Intersections of Education for All and the Convention on the Rights of Persons with Disabilities: Explaining the Conflicting International Cadences of Inclusive Schooling
DOI:
https://doi.org/10.53308/ide.v2i2.190Keywords:
Education for All, Convention on the Rights of Persons with Disabilities, international educational governance, inclusive schooling, marginalization, disability.Abstract
Intersections of Education for All and the Convention on the Rights of Persons with Disabilities: Explaining the conflicting international cadences of inclusive schooling): Education for All (EFA) was encapsulated in a series of UN summits and conventions throughout the 1990s. In 2000, governments around the world adopted the Dakar Framework that addressed education for both development and the eradication of poverty. In 2006, changes in the global landscape for those with disabilities emerged with the Convention on the Rights of Persons with Disabilities (CRPD). Although the cadences differ, both the CRPD and EFA clearly identify inclusive education as one of the key strategies to address issues of marginalization and exclusion. Yet only 2 to 3 percent of those with disabilities go to school and, in the vast majority of education systems around the world, inclusive schooling remains extremely limited, if not non-existent.

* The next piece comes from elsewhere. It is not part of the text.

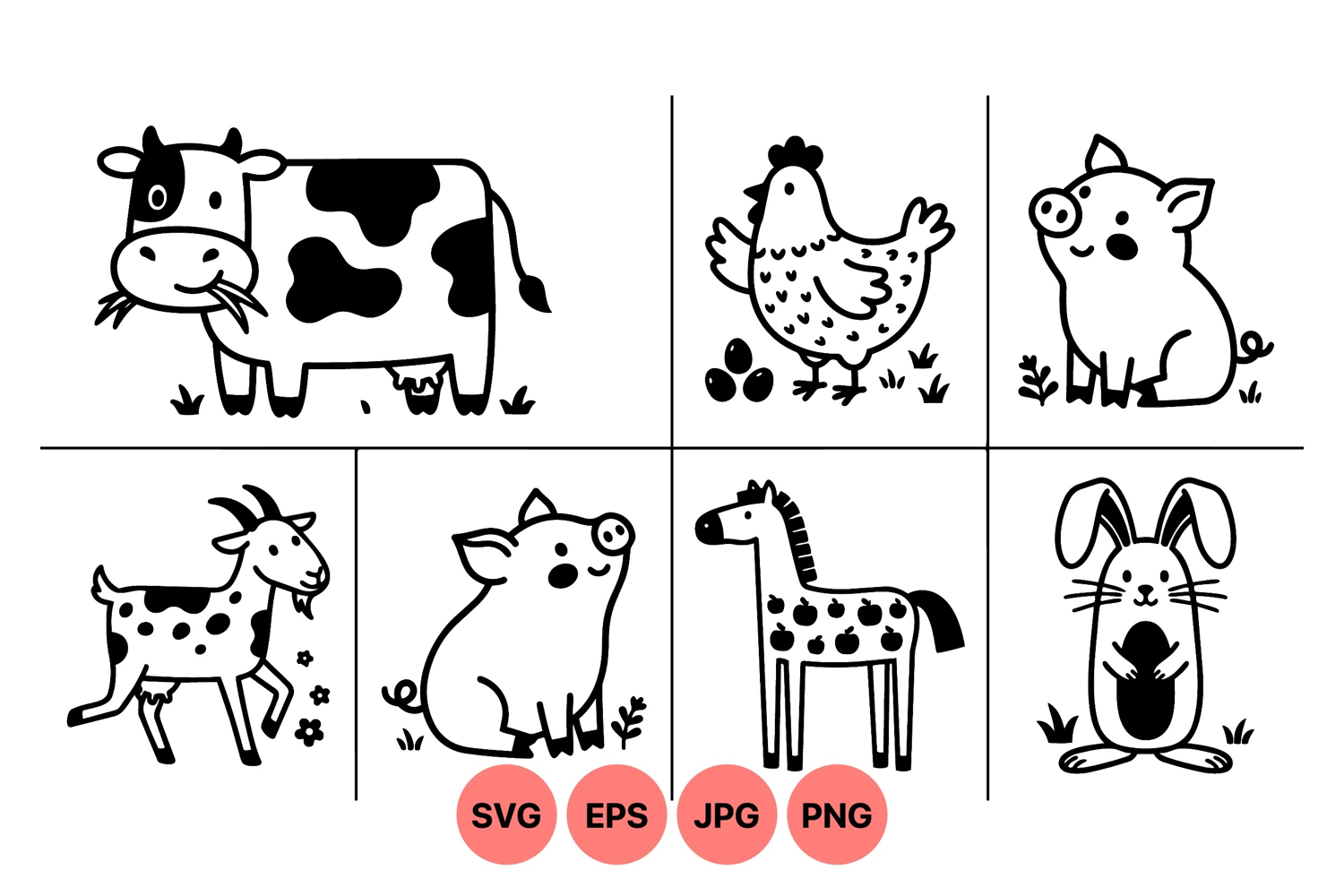 A charming of black and white doodle farm animals features a cow chewing grass, a smiling pig sitting, a walking goat, chicken with eggs, a spotted horse, and a happy rabbit holding a carrot in a simple style.

This paper centers on the CRPD embedded within the universal policy frameworks of Education for All. It explicitly draws attention to contradictions between the universal EFA and the disability-centric CRPD by assessing aspects such as hard-to-reach children, the invisibility of disabled persons on UNESCO’s statistical maps and in development agendas, and increasing segregation. We conclude that although progress of the CRPD is intimately connected to broad global education governance, the treaty is limited in maintaining an effective, proactive position within policy systems where it has constricted formal authority and financing.